= Francesco Frosini =

Portrait in the throne room of the archiepiscopal palace in Pisa

Francesco Frosini (22 March 1654 – 22 November 1733) was an Italian nobleman, lawyer and churchman who served as the archbishop of Pisa from 1702 until his death. He is most famous today for his writings.

==Life==
Frosini was born into a noble family in Pistoia on 22 March 1654. His father was Donato Frosini and his mother Maria Maddalena Nencini. He graduated from the University of Pisa in 1675 with a degree in both laws. In 1685, inspired by the bishop of Pistoia, Gherardo Gherardi, he entered the Catholic priesthood. At the instigation of Grand Duke Cosimo III of Tuscany, he was appointed bishop of Pistoia and Prato in 1701 and then transferred to the archdiocese of Pisa in late 1702. He held diocesan synods in 1707, 1716 and 1725 and compiled their statutes, which were highly influential.

On 2 September 1731, Grand Duke Gian Gastone entrusted Frosini with his "secret political testament", written in then ame of the Florentine people, and disputing the right of the Holy Roman Emperor to treat Tuscany as an imperial fief. In 1732, Frosini requested permission to resign from Pope Clement XII and Gian Gastone, but was denied. He continued in office until his death in Pisa on 22 November 1733.

==Works==
Frosini is best known today for his synodal statutes. He was a strong opponent of Jansenism. He wrote a refutation of it in a letter addressed to the bishop of Nîmes, Jean César Rousseau de La Parisière, in 1718. He included it in an appendix to his third synod.

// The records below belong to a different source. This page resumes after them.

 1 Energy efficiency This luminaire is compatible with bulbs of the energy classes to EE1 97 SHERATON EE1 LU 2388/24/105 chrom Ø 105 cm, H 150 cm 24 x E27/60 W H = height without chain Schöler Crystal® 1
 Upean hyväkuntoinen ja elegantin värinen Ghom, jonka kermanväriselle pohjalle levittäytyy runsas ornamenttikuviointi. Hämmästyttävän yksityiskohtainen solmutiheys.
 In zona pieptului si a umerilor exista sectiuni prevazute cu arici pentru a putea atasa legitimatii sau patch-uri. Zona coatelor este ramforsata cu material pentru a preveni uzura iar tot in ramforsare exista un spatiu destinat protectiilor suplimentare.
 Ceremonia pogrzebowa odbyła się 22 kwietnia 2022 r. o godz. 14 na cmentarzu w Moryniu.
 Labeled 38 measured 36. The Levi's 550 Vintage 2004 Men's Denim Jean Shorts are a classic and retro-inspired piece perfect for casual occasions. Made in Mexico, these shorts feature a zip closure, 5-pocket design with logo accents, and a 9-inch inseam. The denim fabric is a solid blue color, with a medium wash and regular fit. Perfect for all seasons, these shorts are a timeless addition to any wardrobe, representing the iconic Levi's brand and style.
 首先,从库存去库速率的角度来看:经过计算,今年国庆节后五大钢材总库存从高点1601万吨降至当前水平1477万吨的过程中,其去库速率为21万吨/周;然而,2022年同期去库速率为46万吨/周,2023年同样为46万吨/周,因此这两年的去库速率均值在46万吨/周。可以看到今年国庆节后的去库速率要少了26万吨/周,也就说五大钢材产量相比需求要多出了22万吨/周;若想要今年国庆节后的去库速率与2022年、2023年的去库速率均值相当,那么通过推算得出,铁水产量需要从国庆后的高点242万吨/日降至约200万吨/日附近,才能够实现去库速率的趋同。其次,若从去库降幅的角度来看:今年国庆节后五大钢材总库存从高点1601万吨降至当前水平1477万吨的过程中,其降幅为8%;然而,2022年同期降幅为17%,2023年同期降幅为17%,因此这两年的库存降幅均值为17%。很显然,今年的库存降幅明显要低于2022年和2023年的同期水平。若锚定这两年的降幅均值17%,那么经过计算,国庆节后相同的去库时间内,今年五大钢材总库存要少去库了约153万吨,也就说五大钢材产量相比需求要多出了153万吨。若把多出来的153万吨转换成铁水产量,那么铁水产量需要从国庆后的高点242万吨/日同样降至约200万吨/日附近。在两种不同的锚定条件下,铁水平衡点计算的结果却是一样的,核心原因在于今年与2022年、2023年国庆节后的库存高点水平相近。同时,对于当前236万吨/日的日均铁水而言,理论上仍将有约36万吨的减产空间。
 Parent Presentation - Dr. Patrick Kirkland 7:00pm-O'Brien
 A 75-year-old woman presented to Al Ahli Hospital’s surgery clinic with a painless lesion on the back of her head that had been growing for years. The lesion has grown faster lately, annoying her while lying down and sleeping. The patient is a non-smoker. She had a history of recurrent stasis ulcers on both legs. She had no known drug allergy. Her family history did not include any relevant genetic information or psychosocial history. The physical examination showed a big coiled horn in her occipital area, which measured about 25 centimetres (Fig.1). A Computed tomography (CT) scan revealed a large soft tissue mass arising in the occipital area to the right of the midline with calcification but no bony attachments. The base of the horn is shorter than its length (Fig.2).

Frosini's early works, from before he became a bishop, include Discorso funebre in occasione della morte dell'eminent. Jacopo Rospigliosi, a eulogy of Cardinal Giacomo Rospigliosi, published at Pistoia in 1684, and Gesù crocifisso, a collection of two hundred religious sonnets, dedicated to Cosimo III and his son Ferdinando and published at Pistoia in 1700. He also wrote the libretto for an opera, Il conte de Bacheville, first performed to music by Giovanni Battista Bassani in 1696 at Pistoia and later to music (now lost) by Sebastiano Cherici at Pistoia in 1699.

In 1715, drawing on his legal background, Frosini wrote his Discorso legale sopra la libertà dello Stato fiorentino e la niuna sua dependenza dall'Imperio ('Legal Discourse on the Liberty of the Florentine State and Its Non-Dependence on the Empire'), a defence of the sovereignty of the Grand Duchy of Tuscany against the claims of the Holy Roman Emperor. It was never published and is known only from two manuscripts copies, one among the papers of the diplomat-turned-cardinal Neri Maria Corsini. The Discorso argues that Tuscany had acquired sovereignty by prescription and that all imperial rights over it had lapsed.

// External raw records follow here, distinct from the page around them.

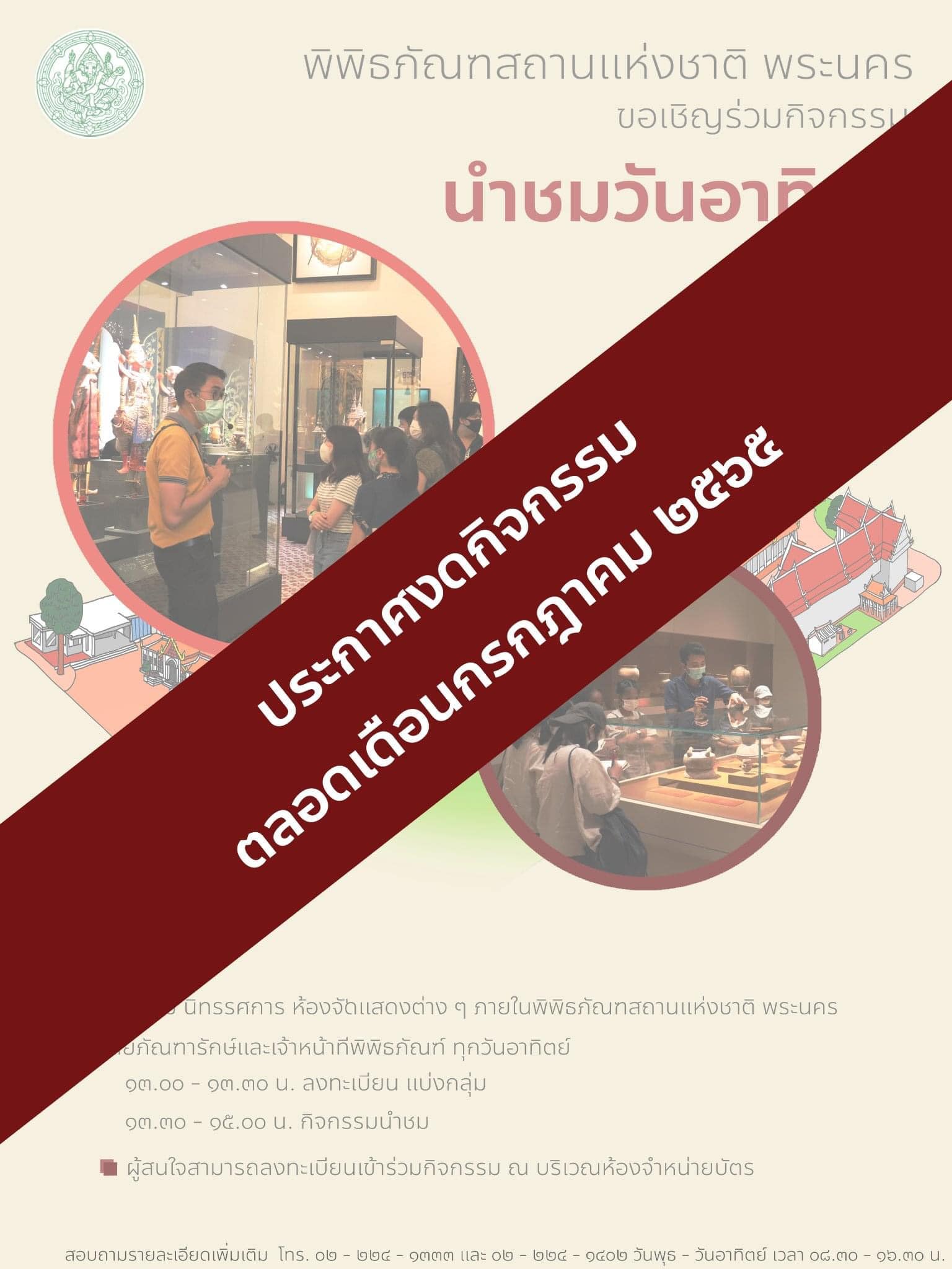 พิพิธภัณฑสถานแห่งชาติ พระนคร แจ้งของดกิจกรรม "นำชมวันอาทิตย์" ตลอดเดือนกรกฎาคม ๒๕๖๕ หากมีการเปลี่ยนแปลงพิพิธภัณฑสถานแห่งชาติ พระนคร จะประกาศให้ทราบอีกครั้ง สอบถามเพิ่มเติมทาง Inbox page และโทร. ๐๒ ๒๒๔ ๑๔๐๒, ๐๒ ๒๒๔ ๑๓๓๓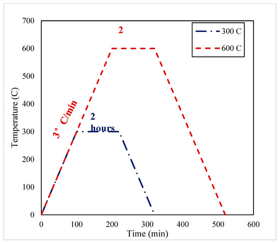The temperature was pre-raised and constant heating was performed at 3 °C in a closed electronic oven. The separation was approximately 20 and was not delayed. For example, experiments on concrete construction and target temperatures of 300 and 600 °C were chosen. The samples were maintained at the target temperature for 2 h to achieve a homogeneous thermal condition. Figure 6 illustrates the relationship between temperature and exposure time over different periods. The oven was turned off after each heating cycle to reduce the effect of the temperature gradient. The samples were left to cool gradually, and the door was closed. The next steps of the analysis were prepped following the achievement of room temperature with the samples.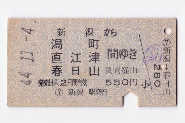 ●国鉄●【 新潟から潟町 直江津 春日山 間ゆき 長岡経由 550円 】A型券 昭和44年 信越本線 新潟駅発行【03145

As archbishop, Frosini wrote a work of prose and verse praising Pisa's patron saint, Rainerius. Entitled S. Ranieri esposto alla pubblica divozione da un suo divoto nel raccogliere tutto quello che può più di notabile ritrovarsi dagli scrittori della sua vita, it was published at Lucca in 1717. He lavished more effort, however, on a biography of Gherardi, Vita di mons. G. Gherardi patrizio fiorentino vescovo di Pistoja e Prato, published posthumously in 1736.